AdamBien / lightfish

Payara / GlassFish Monitoring Utility
121 stars 41 forks source link

Improved multi instance support #11

Closed rveldpau closed 11 years ago

rveldpau commented 11 years ago

This pull request reflects 3 main changes

  1. Staggered Data Collection
  2. Parallel Data Collection fixes
  3. Fault Tolerances

    Staggered Data Collection

This pull request improves multiple instance support by staggering the requests rather than trying to pull all data at once. The following diagram shows how the new data collection works for multiple instances. data-collection-timeline

The diagram assumes the interval is set to two seconds, each time the interval is reached data collection for a new instance is started. Once a collection has been started for all server instances the system waits for all the data collection to complete. Once all the data collections are complete they are combined into an overall snapshot and sent on their merry way.

Parallel Data Collection fixes

When I switched from the Fork/Join to Asynchronous EJBs I introduced a few bugs/inefficiencies. The main two were the reprocessing of already processed data points and starting extra actions. The first bug caused the application to fail persisting any Snapshots because of a duplicate key for the Applications. The second used extra resources for no purpose because of some extra code left hanging around from refactoring. I also added the max threads per instance option to the advanced configuration page.

Fault Tolerances

When contacting the Glassfish server for statistics, every once in a while (more common with parallel data collection enabled) the Glassfish server will fail to respond properly. Instead of failing in these instances the system can now retry these failed calls, up to a maximum number of attempts.
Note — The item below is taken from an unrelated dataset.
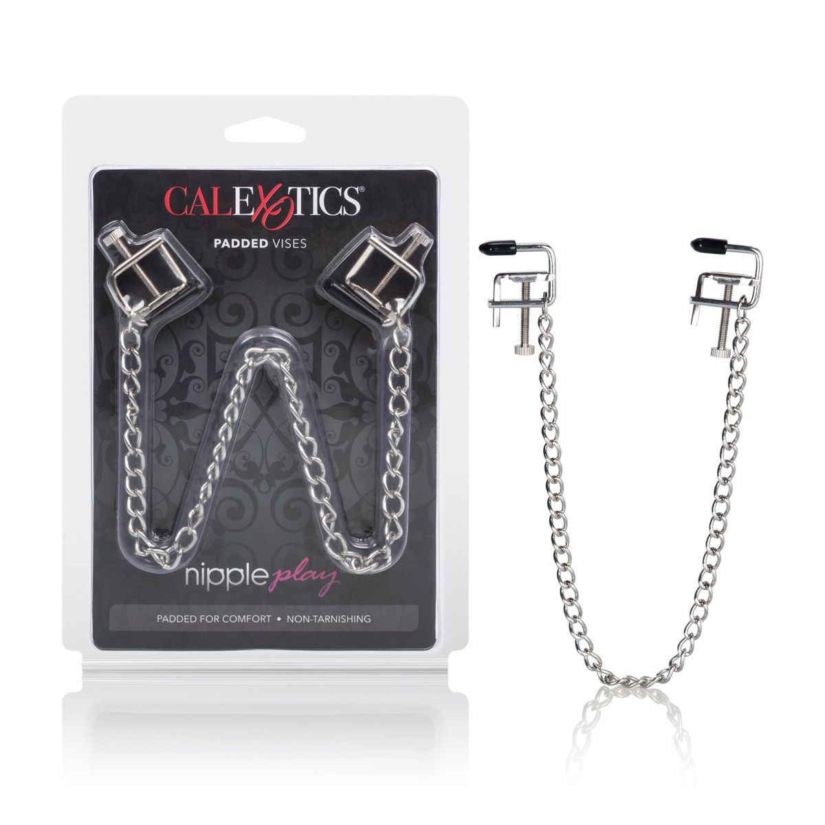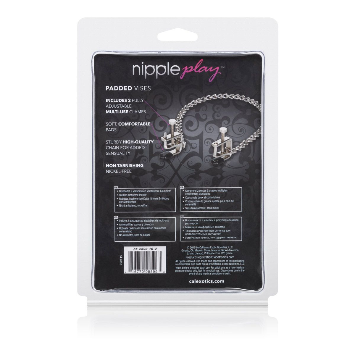 Между собой зажимы Nipple Play Padded Vises соединены металлической цепью, которая одновременно служит своеобразным утяжелителем для дополнительных ощущений во время сексуальных игр. Зажимы имеют мягкие наконечники, а также уникальный дизайн в виде тисков. Размер одного зажима - 2,5 х 3,25 см.

This option is configurable on the advanced configurations page.

rveldpau commented 11 years ago

Just as a note, on my deployed instance this changes the CPU usage from spiking to 300% (3 full cores) on my deployed instance, to steadily using between 30-50% while reducing the total amount of time taken from 15 seconds down to 10.

rveldpau commented 11 years ago

Hey Adam, is there a reason you haven't merged this? If you'd like any changes before you merge it I'd happily make them.

AdamBien commented 11 years ago

Consider it as merged. For some reason I cannot merge it from the web site. I will have to fire up a command line :-)

Thanks again for you great work. I'm waiting for the resolution of the GF bug: https://java.net/jira/browse/GLASSFISH-19677

AdamBien commented 11 years ago

Thanks!